When cargo is on your PATH, install.sh automatically builds and installs:

  • The 4 companion CLIs (autobuilder-ac-counter, autobuilder-bincov-receipt, autobuilder-harness-portability-audit, autobuilder-proposal-aggregator)
  • The pipeline companion binary (autobuilder)

Without cargo, the skill still works for Stages 1–2.

Prerequisites

  • Stages 1-2: bash, jq, git. Claude Code for the skill itself.
  • Stages 3-5: cargo / rustc 1.85+, cargo-deny, cargo-nextest, optional cargo +nightly miri (only when --allow-unsafe).

Tools

Four standalone Rust CLIs shipped alongside the skill. Built and installed automatically by install.sh when cargo is present; also installable individually via cargo install --path tools/<name>.

Binary What it does
autobuilder-ac-counter Counts acceptance criteria correctly across split-file (acceptance_*.rs), monolithic (acceptance.rs with ac|new_ac|ext families), and mock (tests/mocks/) layouts. Fixes the run-metrics.sh undercount.
autobuilder-bincov-receipt Detects [[bin]] crates that ship a binary but have no tests/integration_cli.rs driving it via std::process::Command. Emits a bincov.v1 receipt; --strict exits 3.
autobuilder-harness-portability-audit Scans harness scripts for Linux-only idioms (nproc, /proc/, flock, date -d, readlink -f, sed -i, stat -c) and reports macOS-equivalent suggestions. Draft-only; --strict exits 4.
autobuilder-proposal-aggregator Clusters the proposals/*.json pile by target_file + lexical-Jaccard rationale similarity, ranks by distinct-crate recurrence, filters applied.log. Emits hardening-backlog.json.
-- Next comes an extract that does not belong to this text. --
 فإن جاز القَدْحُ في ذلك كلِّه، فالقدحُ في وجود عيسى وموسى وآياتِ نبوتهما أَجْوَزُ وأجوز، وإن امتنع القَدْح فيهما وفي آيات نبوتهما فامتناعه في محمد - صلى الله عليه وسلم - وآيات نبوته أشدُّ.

Source for each tool lives under tools/<name>/ in this repo.

Repository layout

.
├── autobuilder/              # Cargo workspace: the autobuilder companion binary
│   ├── src/                  #   one module per pipeline stage / receipt producer
│   └── crates/metric-harness/#   reusable metric-harness crate
├── tools/                    # standalone Rust CLIs (built by install.sh)
│   ├── autobuilder-ac-counter/
│   ├── autobuilder-bincov-receipt/
│   ├── autobuilder-harness-portability-audit/
│   └── autobuilder-proposal-aggregator/
├── agent/                    # canonical agent-state files (intent-card, owner-map, …)
│   ├── intent-card.json
│   ├── owner-map.json
│   ├── proof-lanes.toml
│   └── test-map.json
├── corpora/                  # JSONL eval corpora consumed by metric-harness
├── scripts/run-metrics.sh    # emits autobuilder.metrics.v1 for this repo
└── PLAN.md                   # full skill design

PRDs (the inputs this pipeline consumes) live in the private companion repo joeyen-atscale/autobuilder-private, not here.
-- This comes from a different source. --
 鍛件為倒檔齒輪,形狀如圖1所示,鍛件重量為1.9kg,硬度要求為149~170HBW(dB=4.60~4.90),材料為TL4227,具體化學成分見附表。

The ideas autobuilder synthesizes were lifted from three upstream repositories: miolini/autoresearch-macos (locked harness + a single unfakeable scalar metric), neverhuman/jankurai (repository-local evidence receipts and an anti-pattern catalog), and neverhuman/jeryu (N-of-N signed proof receipts on a risk gate). They were previously vendored into this tree for reference but have been removed: the relevant shapes are already translated into the skill files (provenance is noted inline, e.g. "Lifted from jankurai/agent/JANKURAI_STANDARD.md"). Clone the upstreams directly if you need the originals.

The pipeline

PRD ──► Stage 1: Intake & 5-Whys ──► intent-card.json
         └─► Stage 2: Scaffold (cargo new + locked harness + lints)
              └─► Stage 3: Iterate-and-Prove Loop (advance-or-revert)
                   └─► Stage 4: Risk Gate (7 receipts must agree)
                        └─► Stage 5: Postmortem + Self-Evolve

Stage 3 also runs scripts/run-mutants.sh (cargo-mutants telemetry, Phase 1) when the crate has tests: it merges mutation_kill_rate and mutant counts into metrics.json to catch tests that pass but cover only the implementation's happy path. It is telemetry-only today (never blocks); a calibrated kill-rate gate is a follow-on. See PRD autobuilder-mutation-testing.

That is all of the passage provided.